Kerala: Why Can’t Women Enter Sabarimala Temple, Asks Supreme Court
January 12th, 2016 / 5:23 PM
Image Courtesy: templedairy
Sabarimala is a Hindu pilgrimage centre located at the Periyar Tiger Reserve in the Western Ghat mountain ranges of Kerala and is one of the largest annual pilgrimages in the world, with an estimated over 100 million devotees visiting every year.
Sabarimala is visited by Hindu pilgrimage, predominantly for men of all ages and can be identified easily, as they wear black or blue dress. Females, between the ages of approximately 10 and 50, are not allowed to enter the temple, since the story attributed to Ayyappa prohibits the entry of the women in the menstrual age group.
This is because Ayyappan is a Bramhachari (celibate).
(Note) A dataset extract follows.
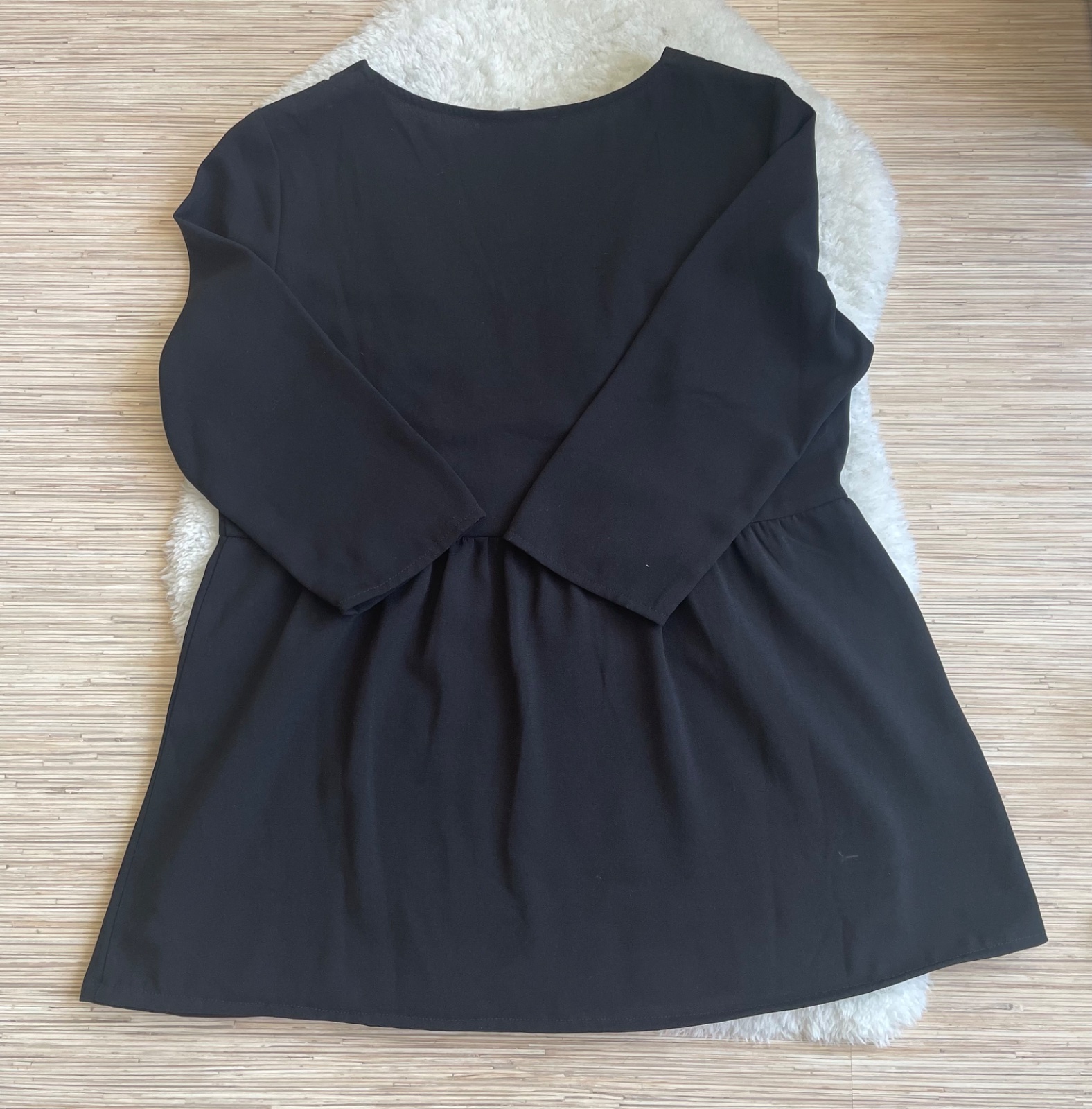 Cierna ackova bluzka s nariasenym detailom v pase, V vystrih, dierkovany detail, volny strih

Some cite the reason of hygiene as the tradition of Pilgrim dates back when there were less resource with women to keep hygiene during menstrual period.
Whatever is the reason behind the banning women from entering temple, Supreme Court stated it to be discriminatory and questioned the age-old practice.
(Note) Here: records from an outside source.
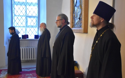 В алтаре молились секретарь Вяземского епархиального управления протоиерей Олег Переверзев, благочинный Угранского округа, настоятель Свято-Троицкого кафедрального собора иерей Александр Курмелёв, благочинный Вяземского городского округа протоиерей Валерий Калинин, духовенство Вяземского городского благочиния.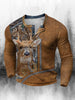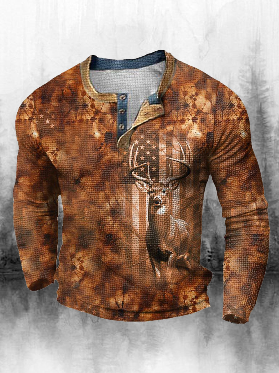 Férfi retro western nyomtatás turtleneck laza 3 gomb henley nyak hosszú ujjú felső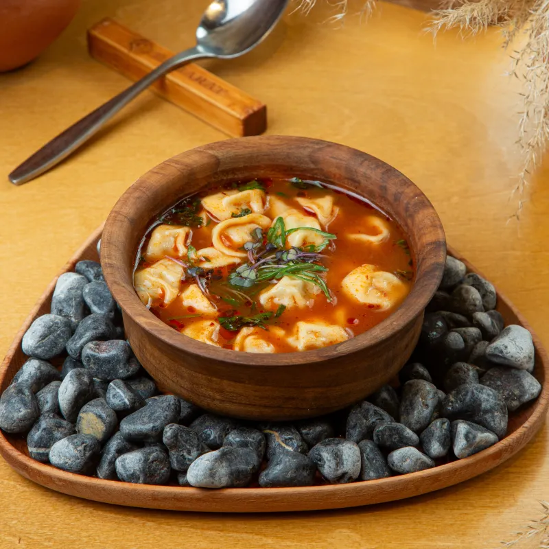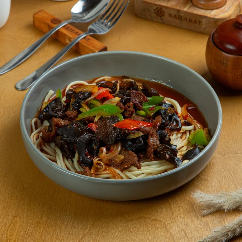 Традиционное уйгурское блюдо,сочным говяжьим мясом, ароматными овощами и с добавлением древесных грибов , обладающее богатым вкусом. Тесто лепим вручную.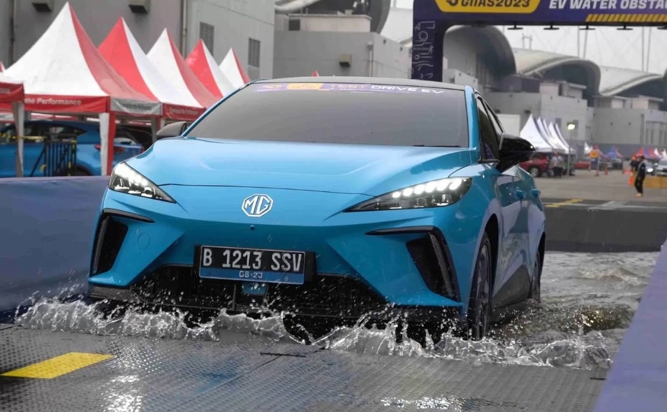 MG 4 EV saat dijajal di arena basah-basahan di GIIAS 2023. (Rian Alfianto/JawaPos.com)

“The temple cannot prohibit entry (women), except on the basis of religion. Unless you have a constitutional right, you cannot prohibit entry,” a judge said.
Young Lawyers Association has been fighting for women’s right here since last 10 years and the Supreme Court made these observations when hearing the case filed by them against the powerful Travancore Devasom Board. How could anyone be assured that no woman had entered the temple in its 1,500-year-old history the Court asked further?
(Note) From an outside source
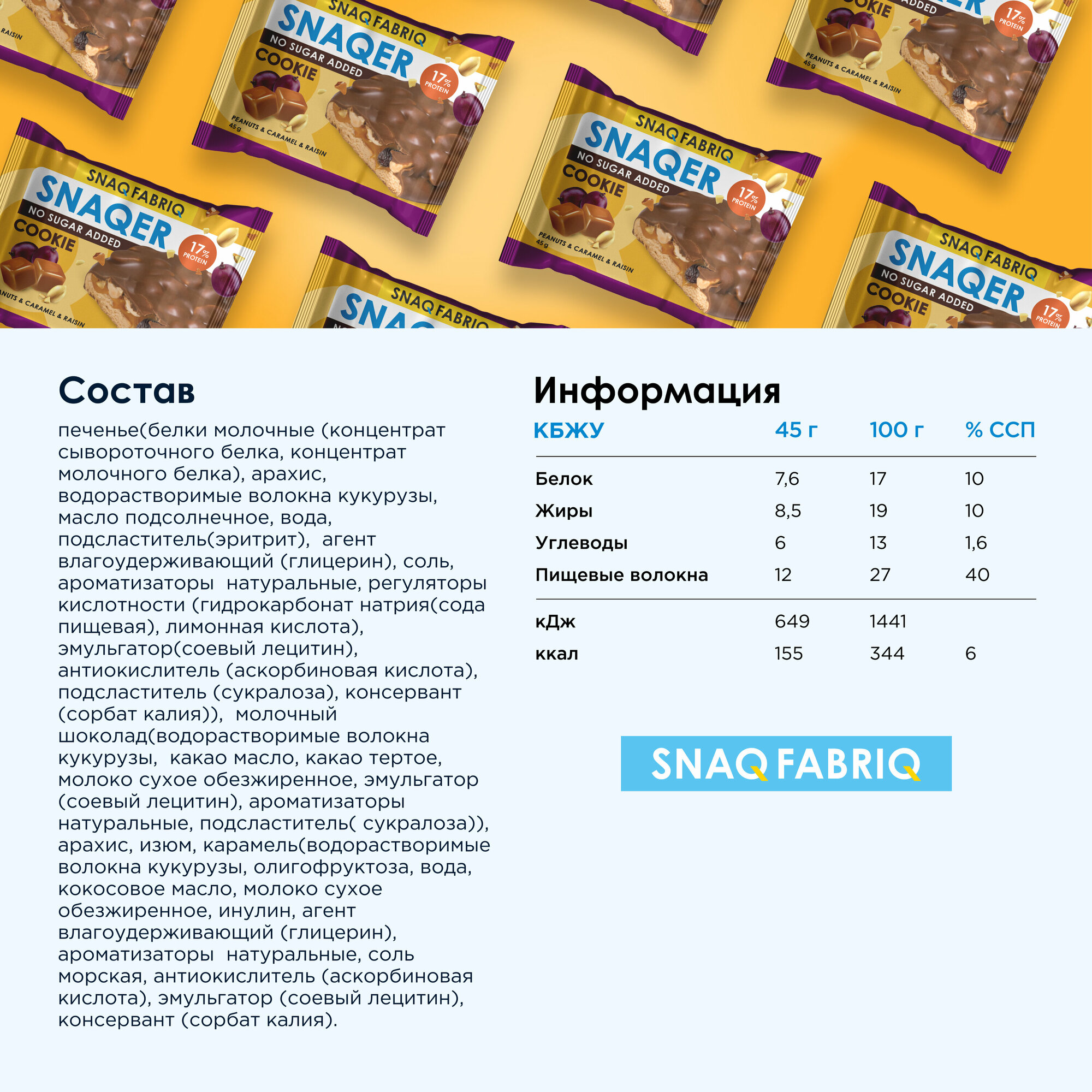 SNAQ FABRIQ Протеиновое печенье в шоколаде SNAQER "Арахис, изюм и карамель", 10 шт х 45 г интересное:

In a similar case Supreme Court delivering its verdict on a petition filed by priests of Madurai’s Sri Meenakshi Amman Temple, said that “constitutional legitimacy must supersede all religious beliefs or practices”. And made it possible for non-Brahmins to become the priest.
The Logical Indian community welcomes the decision of the Supreme Court. It is important that with time, a society progresses and do away with rituals that don’t suit the time we are leaving in.